Task to complete ->
Exact copies of all the entries are required, and no pictures should appear in them.

Given information ->
*****
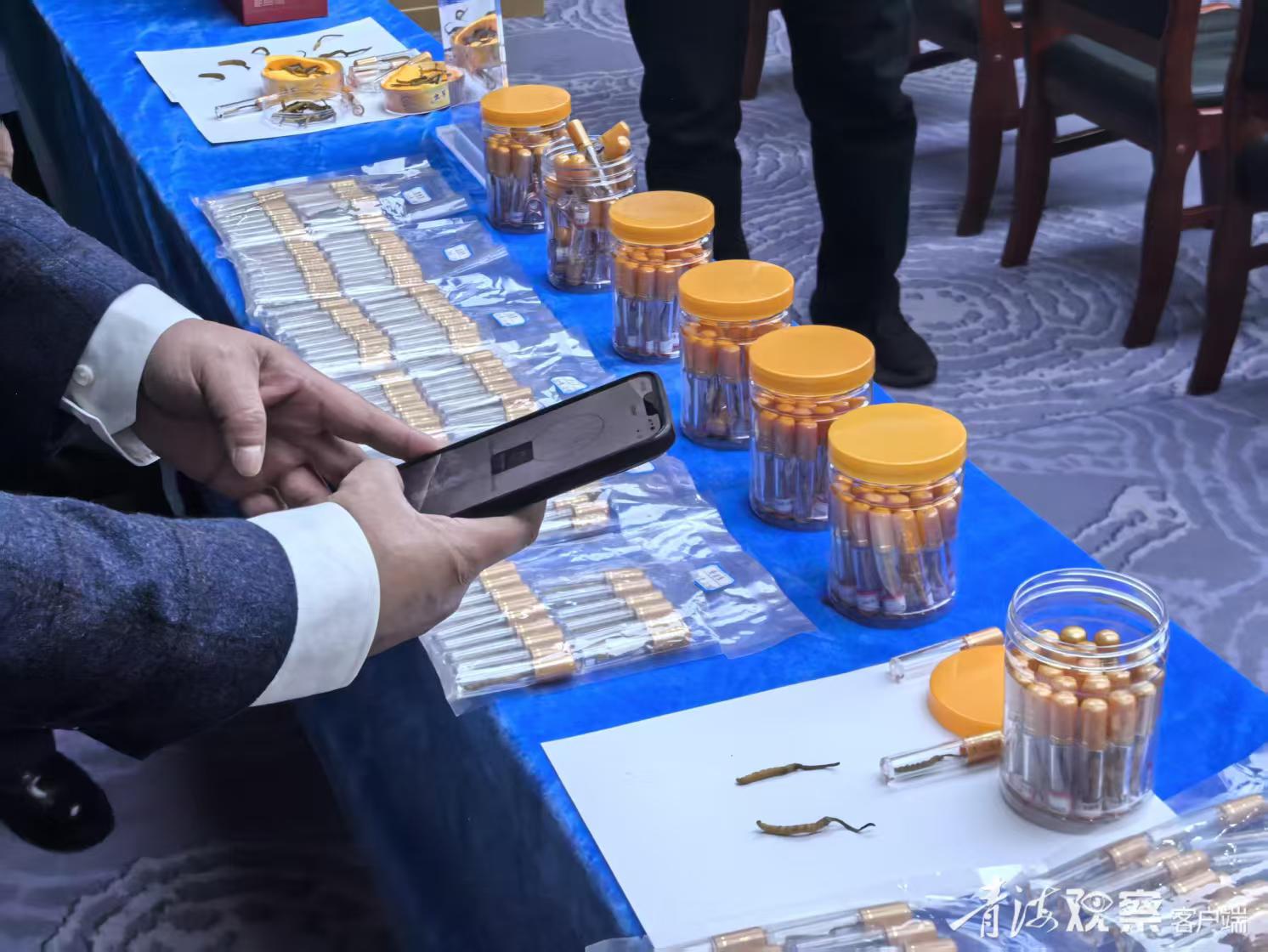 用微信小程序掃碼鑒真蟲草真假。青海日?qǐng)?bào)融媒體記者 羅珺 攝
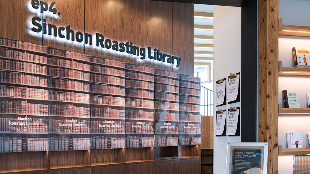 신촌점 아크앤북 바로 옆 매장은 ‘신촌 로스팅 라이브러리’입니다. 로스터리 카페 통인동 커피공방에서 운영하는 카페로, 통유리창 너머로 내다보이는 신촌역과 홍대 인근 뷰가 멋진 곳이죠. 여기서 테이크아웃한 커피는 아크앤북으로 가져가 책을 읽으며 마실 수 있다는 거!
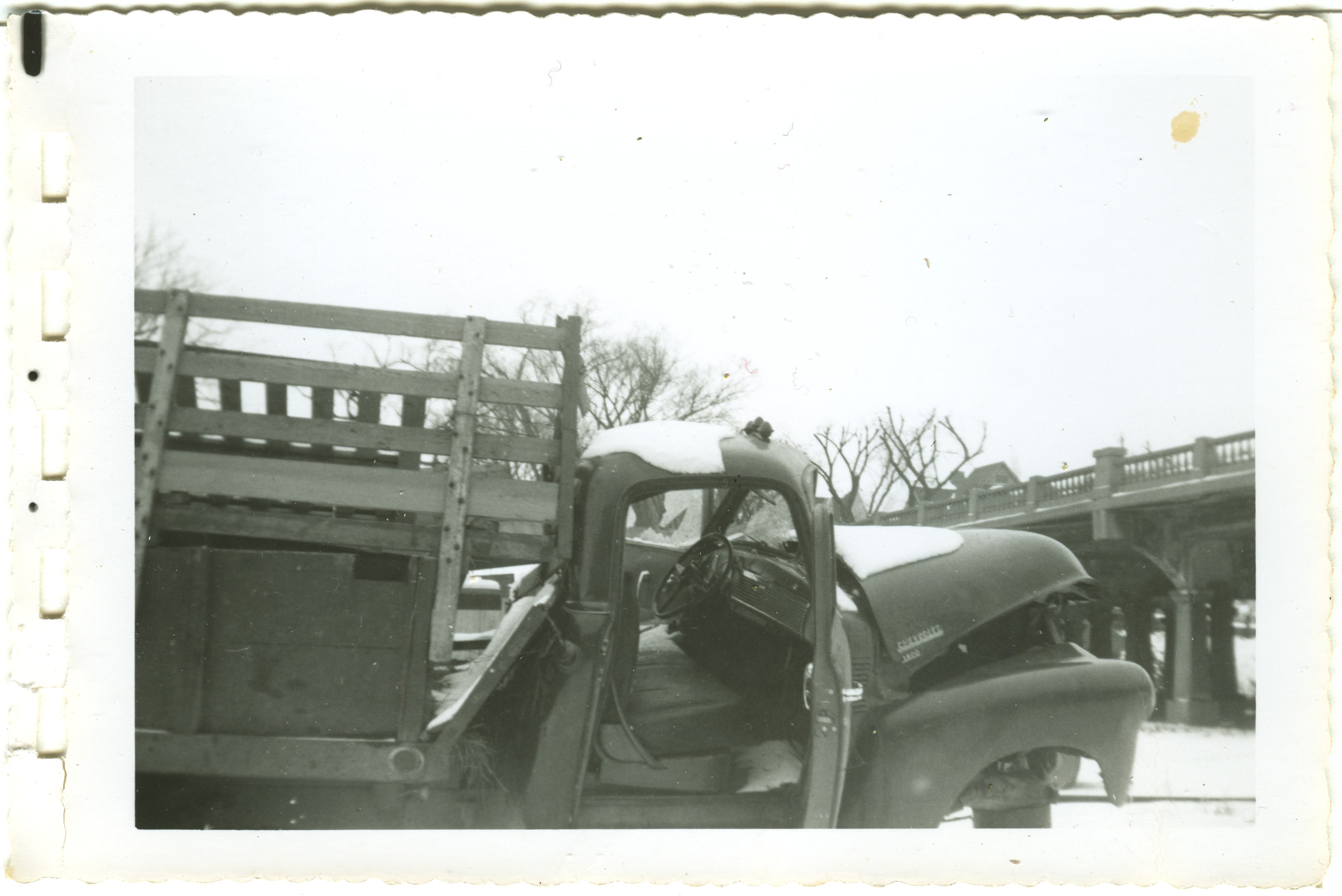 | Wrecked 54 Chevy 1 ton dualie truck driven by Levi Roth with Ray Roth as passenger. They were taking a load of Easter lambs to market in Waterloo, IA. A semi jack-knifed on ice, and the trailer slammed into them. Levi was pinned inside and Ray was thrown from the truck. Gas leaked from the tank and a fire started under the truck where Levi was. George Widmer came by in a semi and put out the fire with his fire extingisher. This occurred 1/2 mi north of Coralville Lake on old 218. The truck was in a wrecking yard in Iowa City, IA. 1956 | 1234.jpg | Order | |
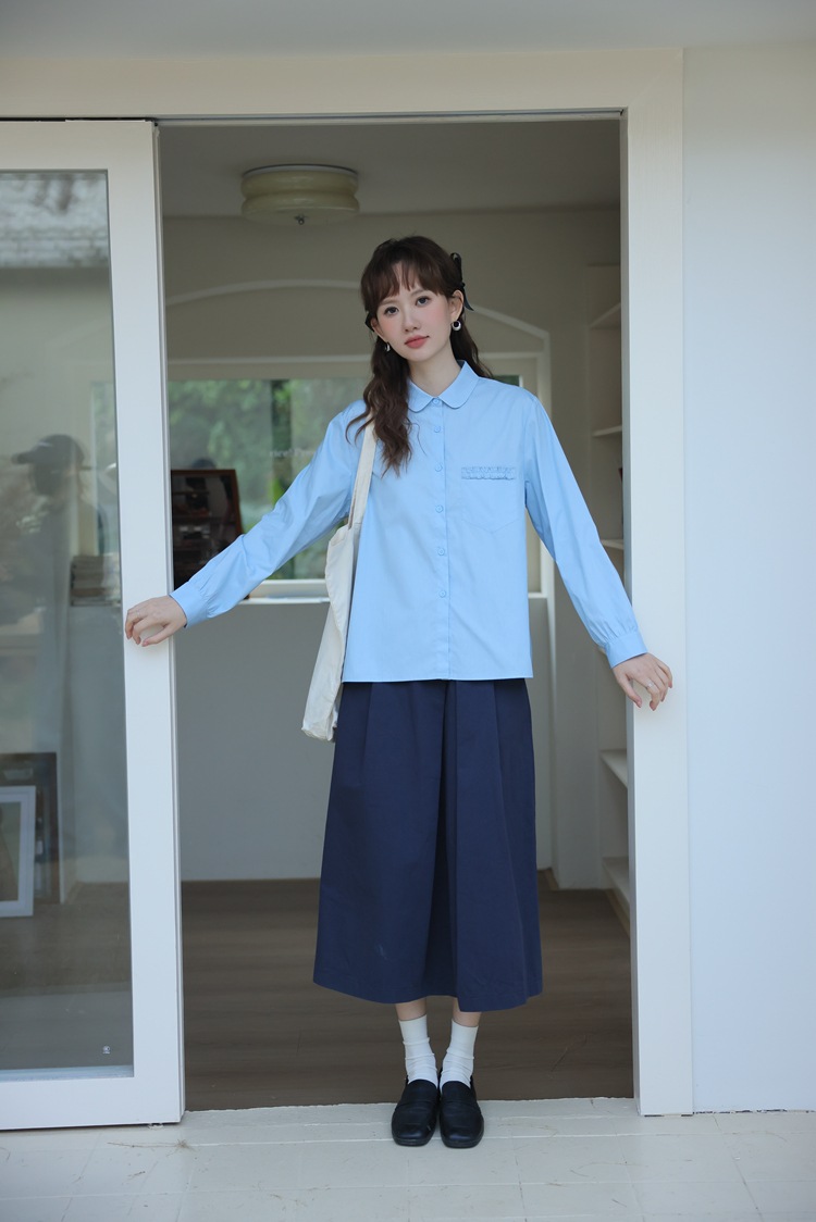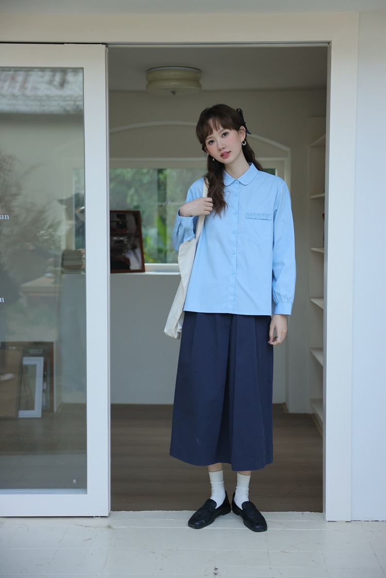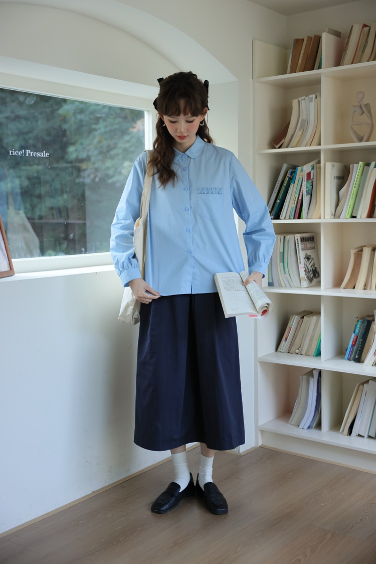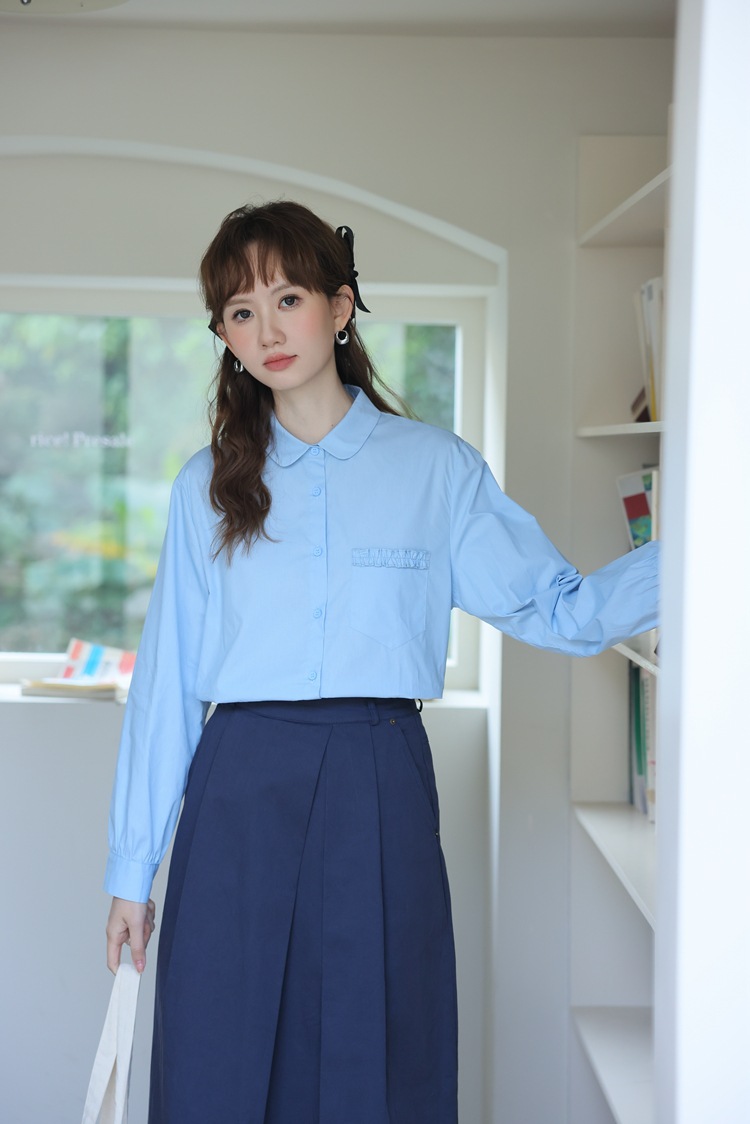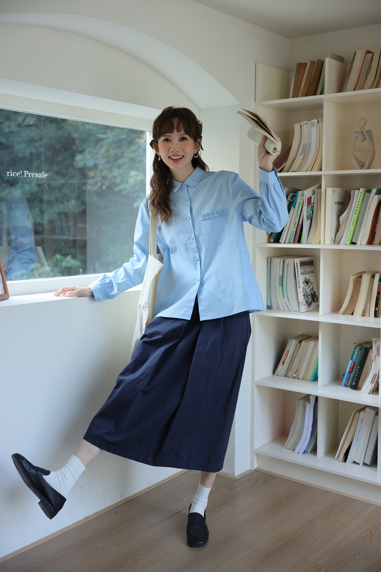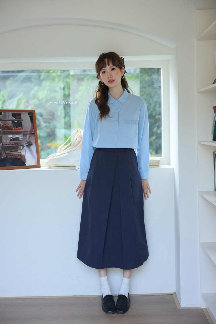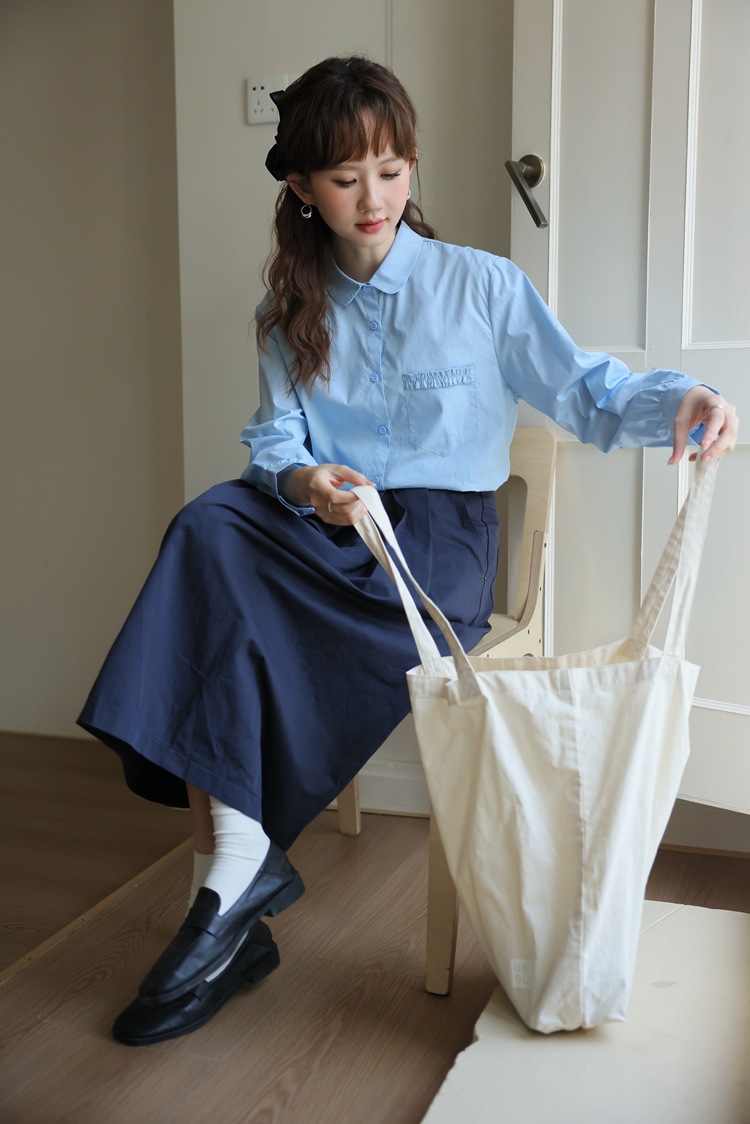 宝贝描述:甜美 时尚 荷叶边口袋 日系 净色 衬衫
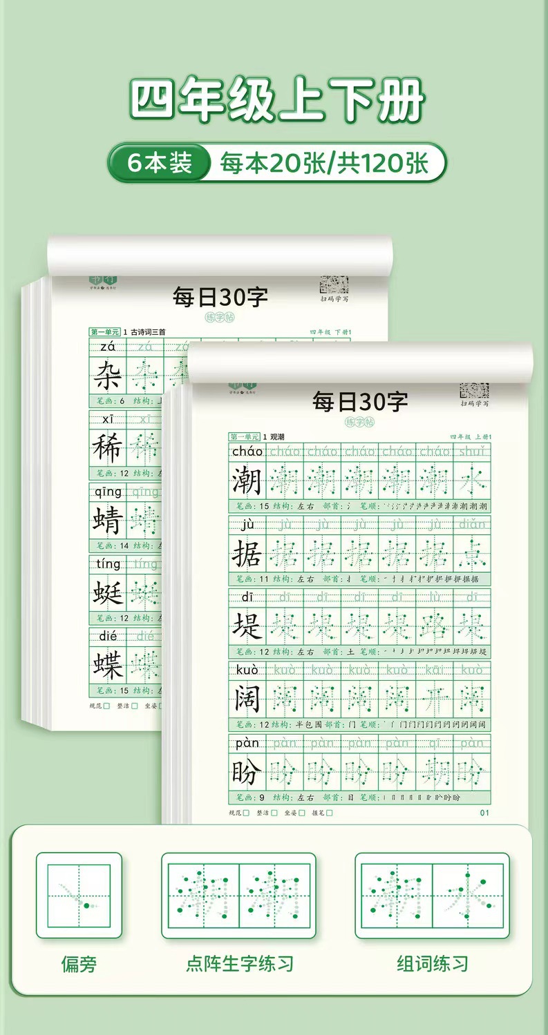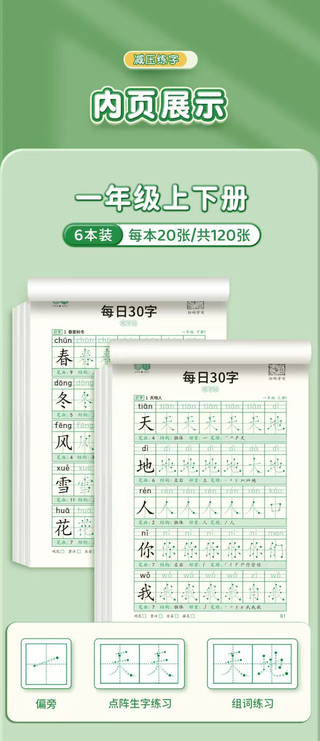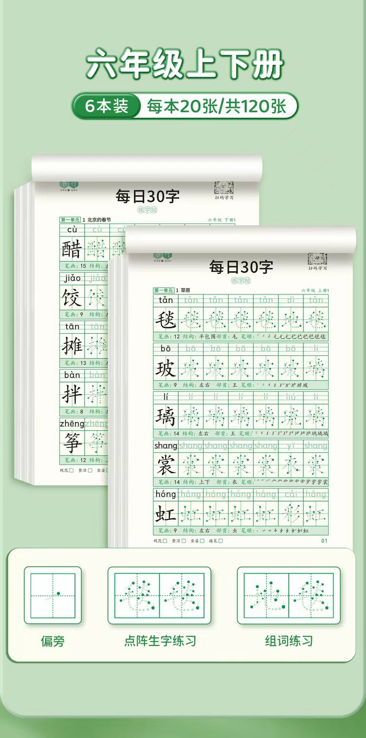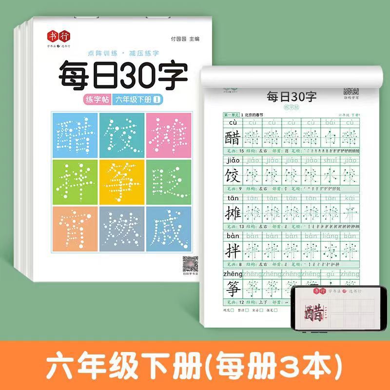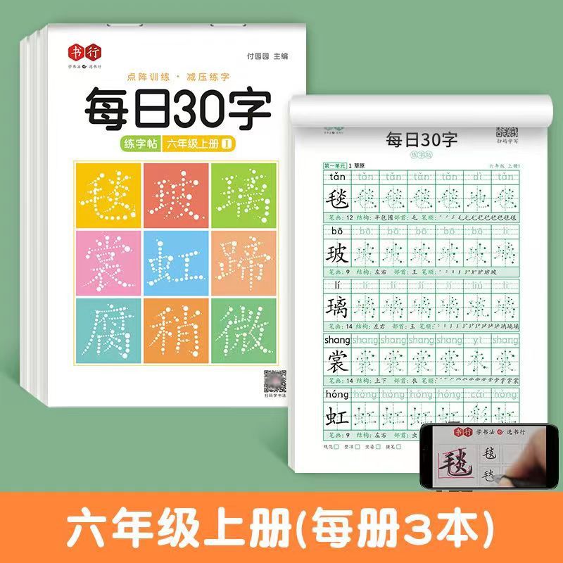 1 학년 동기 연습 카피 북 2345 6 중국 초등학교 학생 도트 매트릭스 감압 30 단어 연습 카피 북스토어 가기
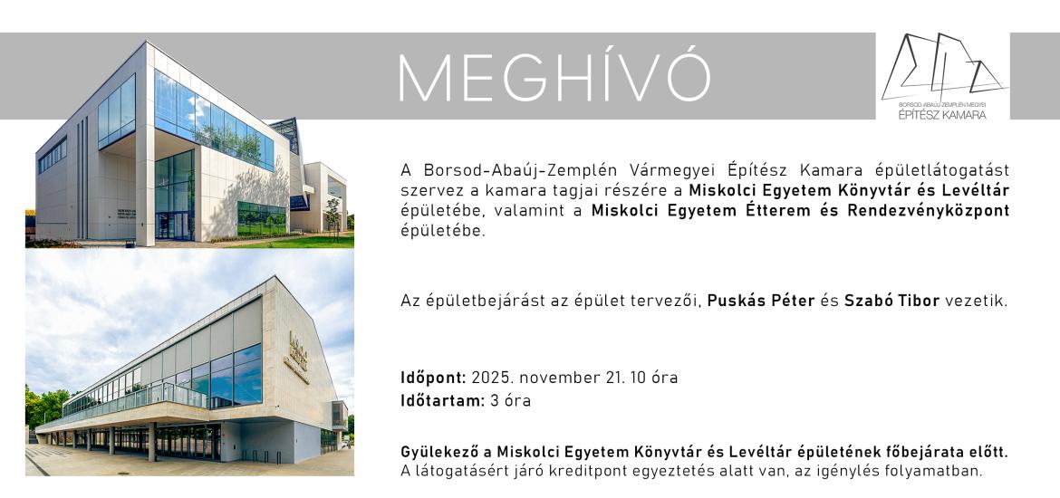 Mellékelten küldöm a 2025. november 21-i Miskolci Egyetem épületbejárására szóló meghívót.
*****
Solution for this exercise ->
 用微信小程序掃碼鑒真蟲草真假。青海日?qǐng)?bào)融媒體記者 羅珺 攝
 신촌점 아크앤북 바로 옆 매장은 ‘신촌 로스팅 라이브러리’입니다. 로스터리 카페 통인동 커피공방에서 운영하는 카페로, 통유리창 너머로 내다보이는 신촌역과 홍대 인근 뷰가 멋진 곳이죠. 여기서 테이크아웃한 커피는 아크앤북으로 가져가 책을 읽으며 마실 수 있다는 거!
 | Wrecked 54 Chevy 1 ton dualie truck driven by Levi Roth with Ray Roth as passenger. They were taking a load of Easter lambs to market in Waterloo, IA. A semi jack-knifed on ice, and the trailer slammed into them. Levi was pinned inside and Ray was thrown from the truck. Gas leaked from the tank and a fire started under the truck where Levi was. George Widmer came by in a semi and put out the fire with his fire extingisher. This occurred 1/2 mi north of Coralville Lake on old 218. The truck was in a wrecking yard in Iowa City, IA. 1956 | 1234.jpg | Order | |
 宝贝描述:甜美 时尚 荷叶边口袋 日系 净色 衬衫
 1 학년 동기 연습 카피 북 2345 6 중국 초등학교 학생 도트 매트릭스 감압 30 단어 연습 카피 북스토어 가기
 Mellékelten küldöm a 2025. november 21-i Miskolci Egyetem épületbejárására szóló meghívót.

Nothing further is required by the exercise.